▶ [Task objective]: Using the data below, print exactly the line with "由於關閉了持續虧損的天然氣交易,高盛 2017 年最後一季的商品獲利表現優於前兩季,但儘管如此該單位依舊因削減風險而表現黯淡。", the line with "Wij hebben een", and every line between them, but none of the pictures.

▶ [Input for this task]:
******

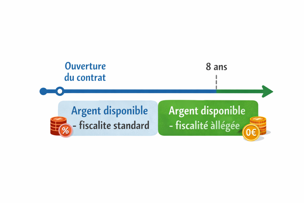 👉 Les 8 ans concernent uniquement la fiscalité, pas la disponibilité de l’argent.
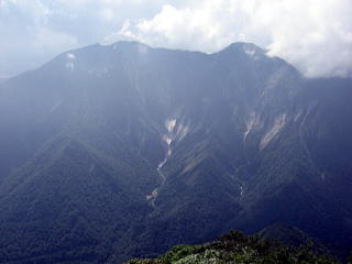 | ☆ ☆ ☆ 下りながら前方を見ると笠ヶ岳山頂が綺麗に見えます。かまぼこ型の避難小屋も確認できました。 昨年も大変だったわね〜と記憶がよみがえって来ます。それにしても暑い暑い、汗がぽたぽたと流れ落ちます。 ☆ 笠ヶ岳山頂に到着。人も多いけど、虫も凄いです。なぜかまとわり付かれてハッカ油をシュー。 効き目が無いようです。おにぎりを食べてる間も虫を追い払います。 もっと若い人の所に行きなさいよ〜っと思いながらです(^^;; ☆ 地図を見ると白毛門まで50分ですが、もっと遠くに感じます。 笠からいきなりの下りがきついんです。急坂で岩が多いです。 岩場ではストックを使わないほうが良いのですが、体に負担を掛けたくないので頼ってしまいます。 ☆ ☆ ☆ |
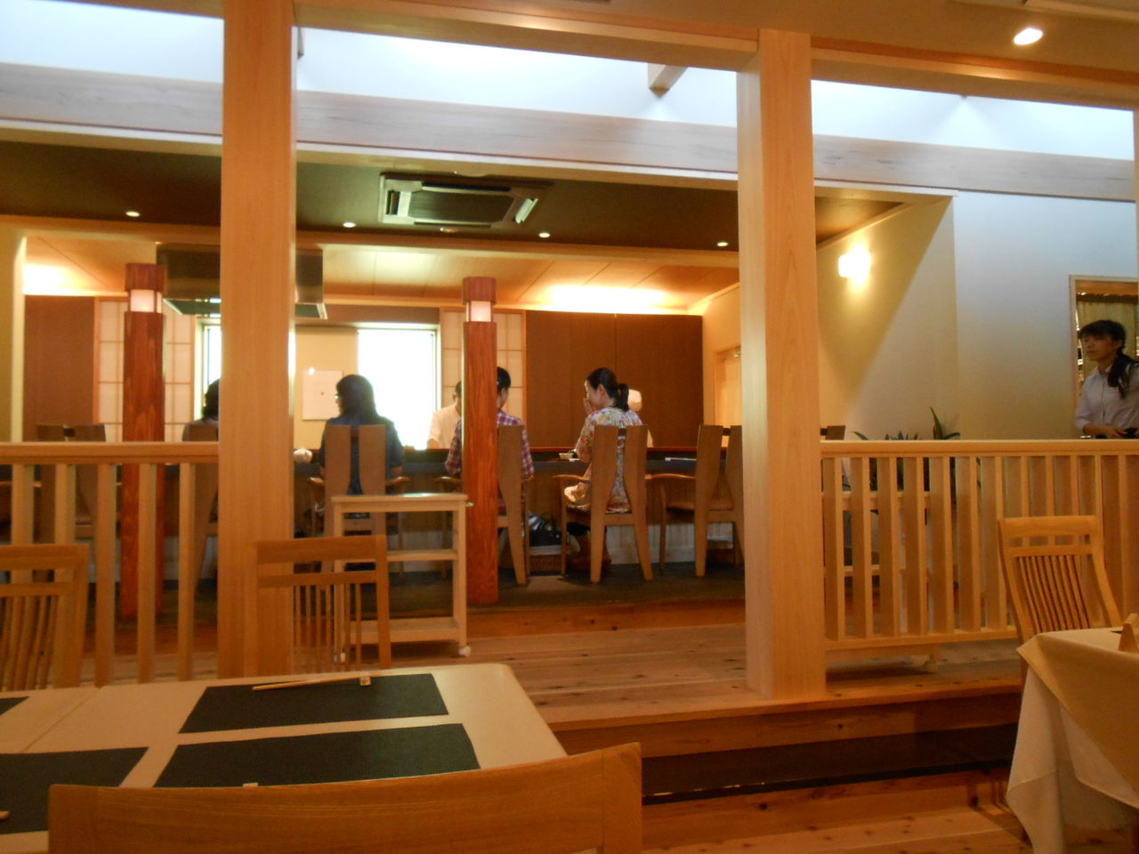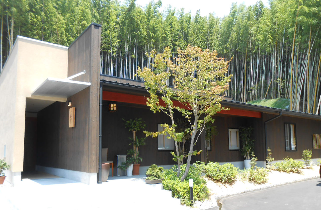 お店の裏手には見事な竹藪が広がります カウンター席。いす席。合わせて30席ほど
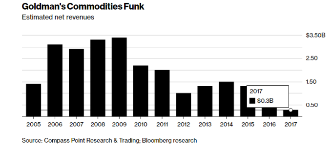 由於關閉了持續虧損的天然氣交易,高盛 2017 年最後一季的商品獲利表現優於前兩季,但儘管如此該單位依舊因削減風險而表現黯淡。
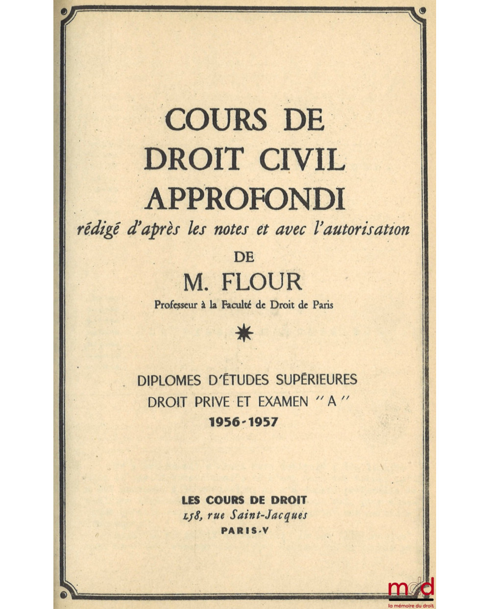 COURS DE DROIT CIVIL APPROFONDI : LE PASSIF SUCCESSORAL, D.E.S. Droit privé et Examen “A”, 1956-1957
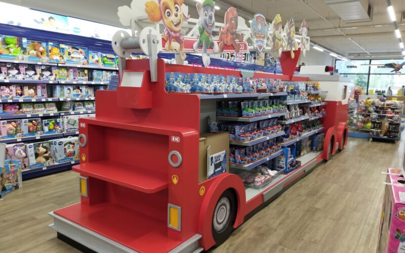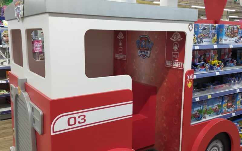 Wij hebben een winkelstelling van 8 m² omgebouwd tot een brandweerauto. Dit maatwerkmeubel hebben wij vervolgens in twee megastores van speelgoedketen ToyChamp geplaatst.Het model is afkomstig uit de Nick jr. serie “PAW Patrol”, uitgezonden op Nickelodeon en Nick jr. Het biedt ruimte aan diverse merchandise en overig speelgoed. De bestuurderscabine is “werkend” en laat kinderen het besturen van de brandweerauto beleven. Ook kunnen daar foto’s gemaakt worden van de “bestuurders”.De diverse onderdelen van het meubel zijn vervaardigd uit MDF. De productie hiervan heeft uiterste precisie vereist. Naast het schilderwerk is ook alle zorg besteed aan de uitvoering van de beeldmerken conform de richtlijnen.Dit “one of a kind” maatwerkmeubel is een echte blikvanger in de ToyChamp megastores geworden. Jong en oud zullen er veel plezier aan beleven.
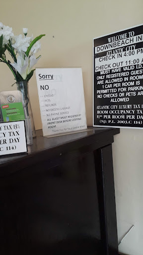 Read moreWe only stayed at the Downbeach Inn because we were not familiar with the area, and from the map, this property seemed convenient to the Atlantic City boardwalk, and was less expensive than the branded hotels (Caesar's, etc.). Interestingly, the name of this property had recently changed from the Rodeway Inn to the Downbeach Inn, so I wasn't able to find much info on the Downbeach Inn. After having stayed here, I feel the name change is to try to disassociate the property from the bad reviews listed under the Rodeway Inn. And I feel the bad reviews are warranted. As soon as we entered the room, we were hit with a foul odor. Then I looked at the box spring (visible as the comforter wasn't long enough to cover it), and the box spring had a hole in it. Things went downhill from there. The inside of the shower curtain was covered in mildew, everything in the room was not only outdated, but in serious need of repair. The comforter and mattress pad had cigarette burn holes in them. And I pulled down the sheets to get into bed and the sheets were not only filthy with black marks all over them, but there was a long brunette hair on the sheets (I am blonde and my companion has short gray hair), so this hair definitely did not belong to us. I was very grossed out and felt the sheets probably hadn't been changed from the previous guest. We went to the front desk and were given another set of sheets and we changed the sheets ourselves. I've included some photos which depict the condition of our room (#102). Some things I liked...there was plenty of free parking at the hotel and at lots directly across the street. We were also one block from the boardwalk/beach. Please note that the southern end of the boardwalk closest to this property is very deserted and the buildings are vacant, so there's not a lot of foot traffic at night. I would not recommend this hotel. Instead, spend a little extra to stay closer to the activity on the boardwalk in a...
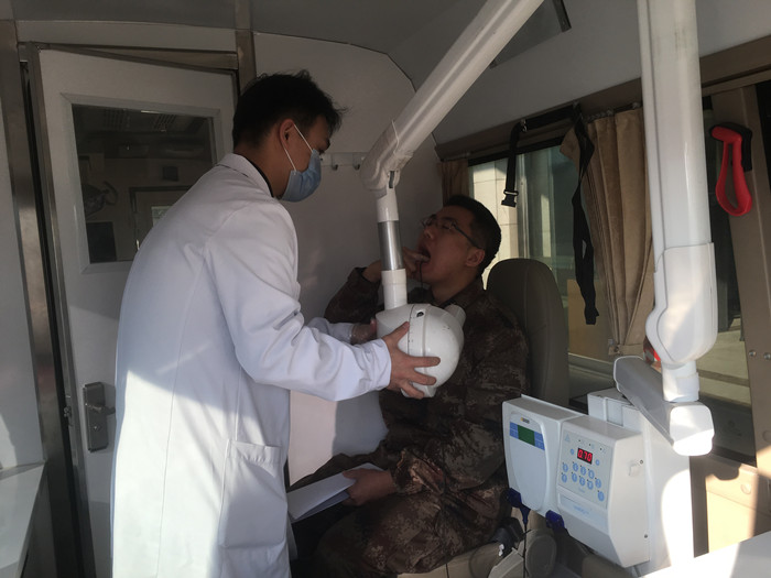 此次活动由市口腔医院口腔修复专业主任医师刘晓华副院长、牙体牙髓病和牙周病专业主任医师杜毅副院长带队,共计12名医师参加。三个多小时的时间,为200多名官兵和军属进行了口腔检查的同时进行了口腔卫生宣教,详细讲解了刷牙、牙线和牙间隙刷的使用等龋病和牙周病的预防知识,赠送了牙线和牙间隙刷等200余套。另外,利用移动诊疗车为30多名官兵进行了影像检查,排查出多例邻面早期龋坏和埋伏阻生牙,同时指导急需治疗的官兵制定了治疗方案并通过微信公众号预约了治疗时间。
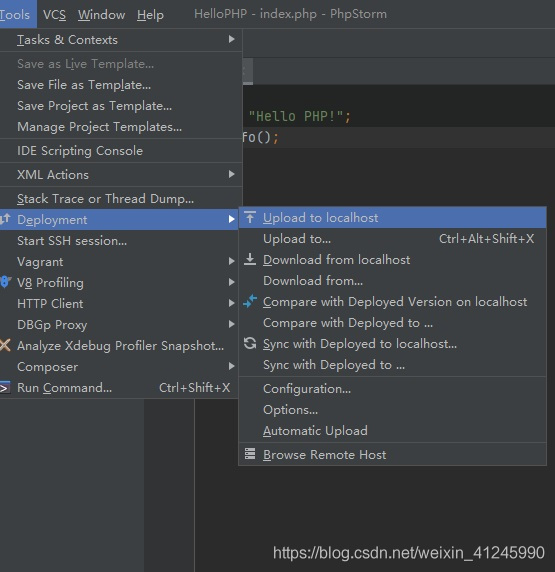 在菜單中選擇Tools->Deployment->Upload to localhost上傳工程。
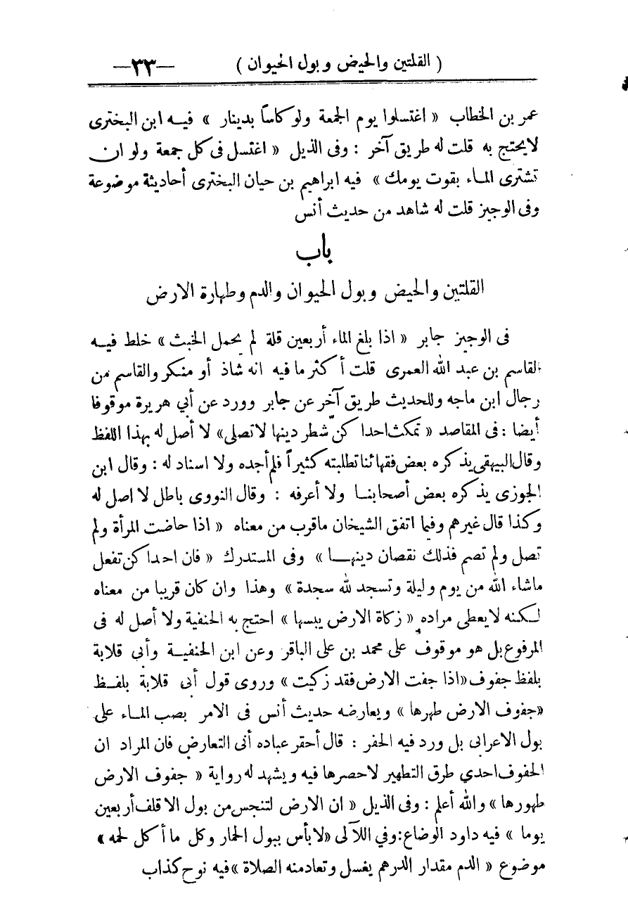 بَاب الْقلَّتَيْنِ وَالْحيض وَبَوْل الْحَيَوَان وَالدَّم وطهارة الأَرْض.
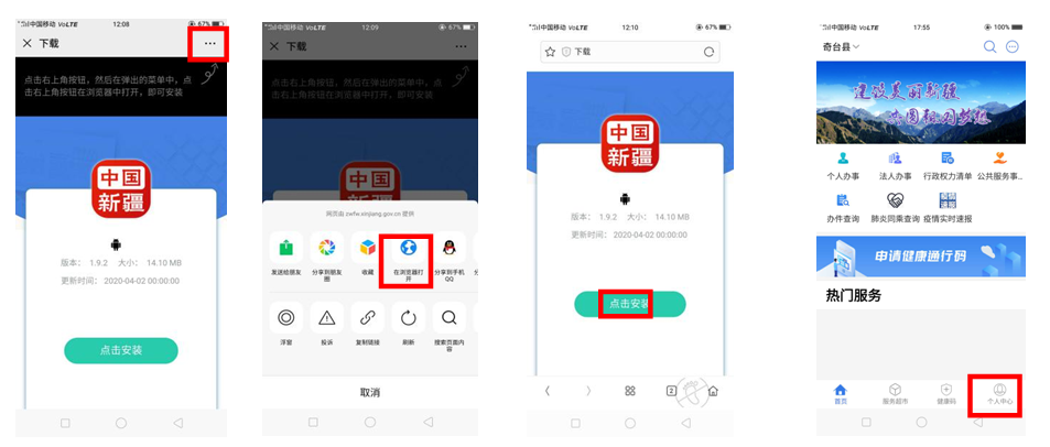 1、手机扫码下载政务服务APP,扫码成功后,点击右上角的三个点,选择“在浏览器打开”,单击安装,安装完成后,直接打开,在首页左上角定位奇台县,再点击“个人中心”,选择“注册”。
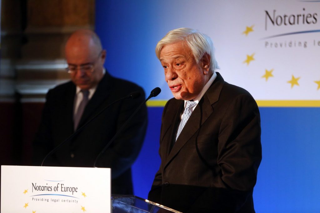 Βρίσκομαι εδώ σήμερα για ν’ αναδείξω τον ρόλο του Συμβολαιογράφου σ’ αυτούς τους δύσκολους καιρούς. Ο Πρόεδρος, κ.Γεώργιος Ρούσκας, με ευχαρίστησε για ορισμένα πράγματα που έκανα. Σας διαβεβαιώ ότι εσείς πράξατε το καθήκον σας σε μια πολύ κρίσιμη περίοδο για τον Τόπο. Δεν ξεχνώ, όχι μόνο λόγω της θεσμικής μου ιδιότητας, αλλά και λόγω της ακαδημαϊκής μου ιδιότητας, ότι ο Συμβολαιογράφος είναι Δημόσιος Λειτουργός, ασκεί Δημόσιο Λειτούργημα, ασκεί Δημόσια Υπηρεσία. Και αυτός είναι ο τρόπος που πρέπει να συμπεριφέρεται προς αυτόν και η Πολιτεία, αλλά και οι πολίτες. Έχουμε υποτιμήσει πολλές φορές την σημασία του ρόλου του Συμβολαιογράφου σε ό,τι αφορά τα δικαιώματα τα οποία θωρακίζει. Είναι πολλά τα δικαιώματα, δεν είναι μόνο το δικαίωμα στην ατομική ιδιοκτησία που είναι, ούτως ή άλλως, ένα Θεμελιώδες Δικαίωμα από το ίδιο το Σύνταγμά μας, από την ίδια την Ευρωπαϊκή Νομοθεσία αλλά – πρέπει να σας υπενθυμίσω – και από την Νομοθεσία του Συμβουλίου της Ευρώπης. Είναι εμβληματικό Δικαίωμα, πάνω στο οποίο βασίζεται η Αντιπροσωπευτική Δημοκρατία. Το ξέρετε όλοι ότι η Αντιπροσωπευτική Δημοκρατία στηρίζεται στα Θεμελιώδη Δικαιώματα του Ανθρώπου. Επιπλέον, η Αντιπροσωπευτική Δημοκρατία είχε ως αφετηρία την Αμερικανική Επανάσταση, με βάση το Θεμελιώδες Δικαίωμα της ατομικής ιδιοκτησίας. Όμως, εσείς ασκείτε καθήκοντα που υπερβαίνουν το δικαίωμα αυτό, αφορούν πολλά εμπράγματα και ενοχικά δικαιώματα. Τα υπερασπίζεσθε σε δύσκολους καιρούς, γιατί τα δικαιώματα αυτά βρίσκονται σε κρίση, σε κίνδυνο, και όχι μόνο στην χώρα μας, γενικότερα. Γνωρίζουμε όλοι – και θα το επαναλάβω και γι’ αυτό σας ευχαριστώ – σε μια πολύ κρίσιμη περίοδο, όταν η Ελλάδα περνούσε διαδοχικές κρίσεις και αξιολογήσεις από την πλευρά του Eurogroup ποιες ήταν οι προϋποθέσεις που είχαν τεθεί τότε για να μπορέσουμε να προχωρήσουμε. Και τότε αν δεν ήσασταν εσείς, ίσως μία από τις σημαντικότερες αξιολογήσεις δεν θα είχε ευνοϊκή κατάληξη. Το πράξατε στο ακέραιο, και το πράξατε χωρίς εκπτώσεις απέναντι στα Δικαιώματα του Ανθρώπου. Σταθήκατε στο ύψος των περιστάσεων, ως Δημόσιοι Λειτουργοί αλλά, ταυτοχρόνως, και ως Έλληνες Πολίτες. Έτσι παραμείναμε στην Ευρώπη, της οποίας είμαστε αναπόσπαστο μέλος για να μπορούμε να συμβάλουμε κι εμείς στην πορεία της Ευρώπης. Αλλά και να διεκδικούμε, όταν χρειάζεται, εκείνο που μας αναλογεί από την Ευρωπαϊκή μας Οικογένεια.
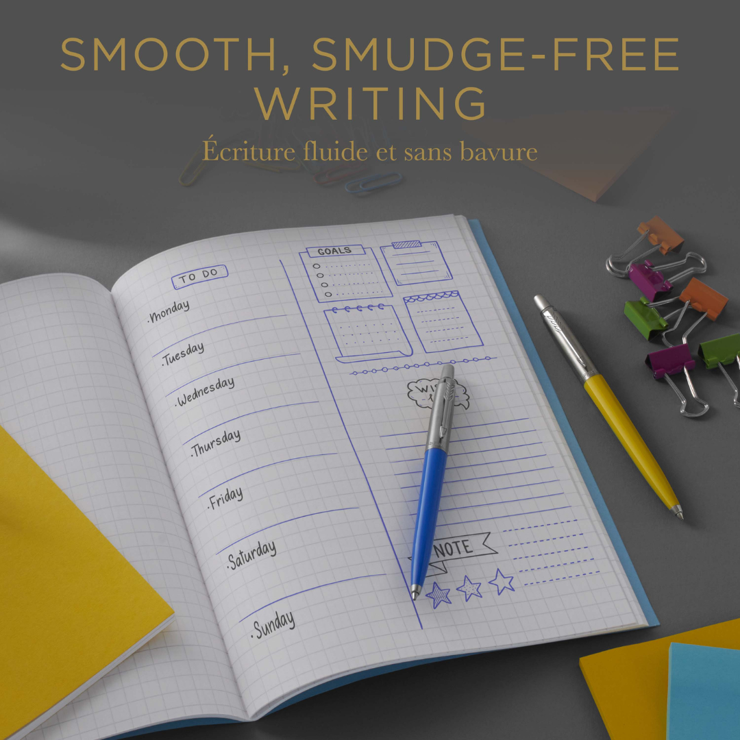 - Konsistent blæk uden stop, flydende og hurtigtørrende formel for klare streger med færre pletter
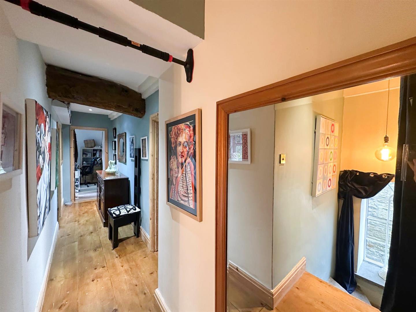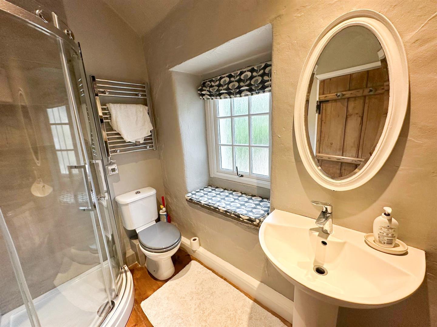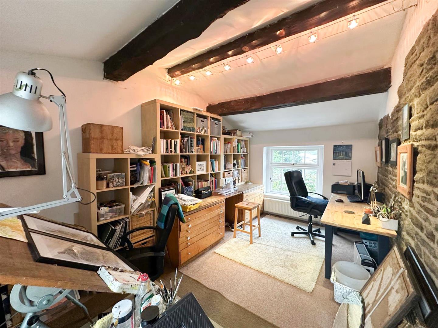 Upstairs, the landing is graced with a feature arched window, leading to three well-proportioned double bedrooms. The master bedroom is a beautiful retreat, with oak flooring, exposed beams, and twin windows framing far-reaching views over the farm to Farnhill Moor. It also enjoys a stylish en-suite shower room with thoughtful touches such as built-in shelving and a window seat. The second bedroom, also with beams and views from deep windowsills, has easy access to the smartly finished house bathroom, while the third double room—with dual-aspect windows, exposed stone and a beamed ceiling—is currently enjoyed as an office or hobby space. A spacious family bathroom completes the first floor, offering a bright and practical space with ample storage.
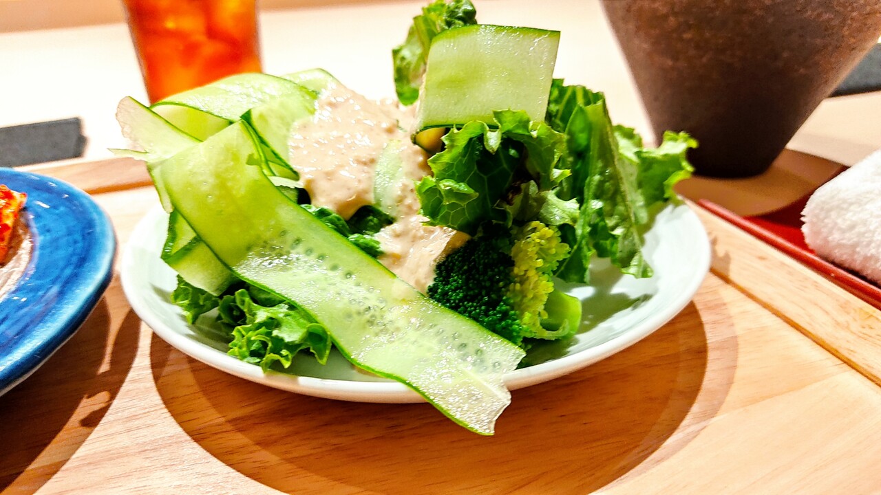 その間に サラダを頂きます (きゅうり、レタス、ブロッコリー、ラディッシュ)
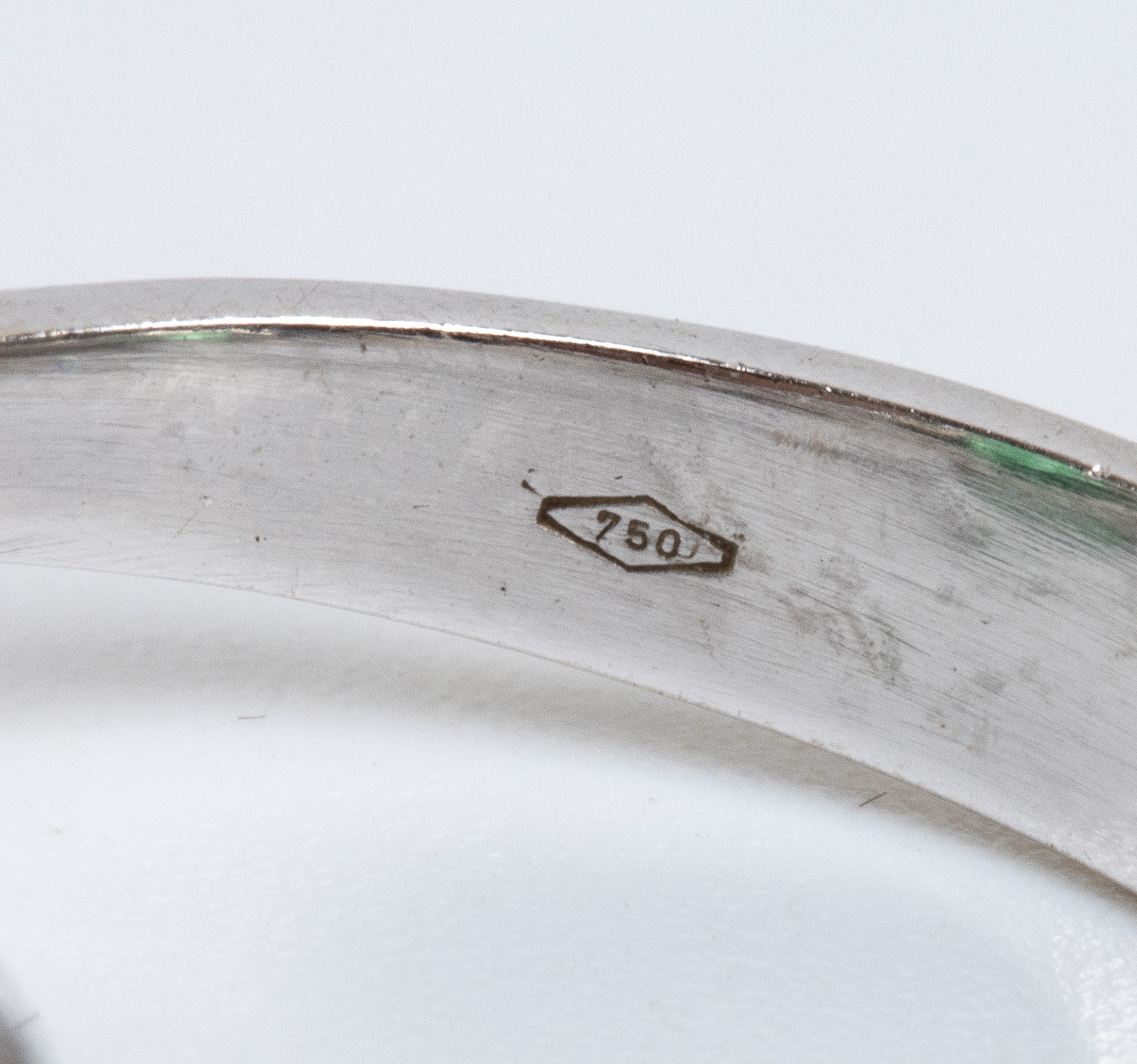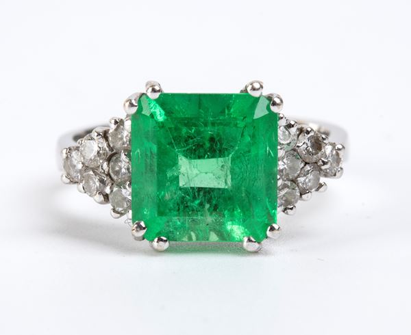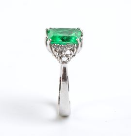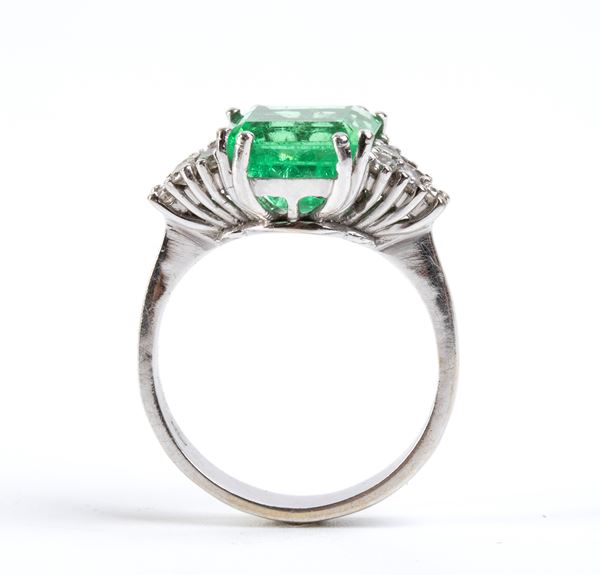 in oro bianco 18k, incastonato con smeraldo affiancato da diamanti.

******

▶ [Response to this task]:
 由於關閉了持續虧損的天然氣交易,高盛 2017 年最後一季的商品獲利表現優於前兩季,但儘管如此該單位依舊因削減風險而表現黯淡。
 COURS DE DROIT CIVIL APPROFONDI : LE PASSIF SUCCESSORAL, D.E.S. Droit privé et Examen “A”, 1956-1957
 Wij hebben een winkelstelling van 8 m² omgebouwd tot een brandweerauto. Dit maatwerkmeubel hebben wij vervolgens in twee megastores van speelgoedketen ToyChamp geplaatst.Het model is afkomstig uit de Nick jr. serie “PAW Patrol”, uitgezonden op Nickelodeon en Nick jr. Het biedt ruimte aan diverse merchandise en overig speelgoed. De bestuurderscabine is “werkend” en laat kinderen het besturen van de brandweerauto beleven. Ook kunnen daar foto’s gemaakt worden van de “bestuurders”.De diverse onderdelen van het meubel zijn vervaardigd uit MDF. De productie hiervan heeft uiterste precisie vereist. Naast het schilderwerk is ook alle zorg besteed aan de uitvoering van de beeldmerken conform de richtlijnen.Dit “one of a kind” maatwerkmeubel is een echte blikvanger in de ToyChamp megastores geworden. Jong en oud zullen er veel plezier aan beleven.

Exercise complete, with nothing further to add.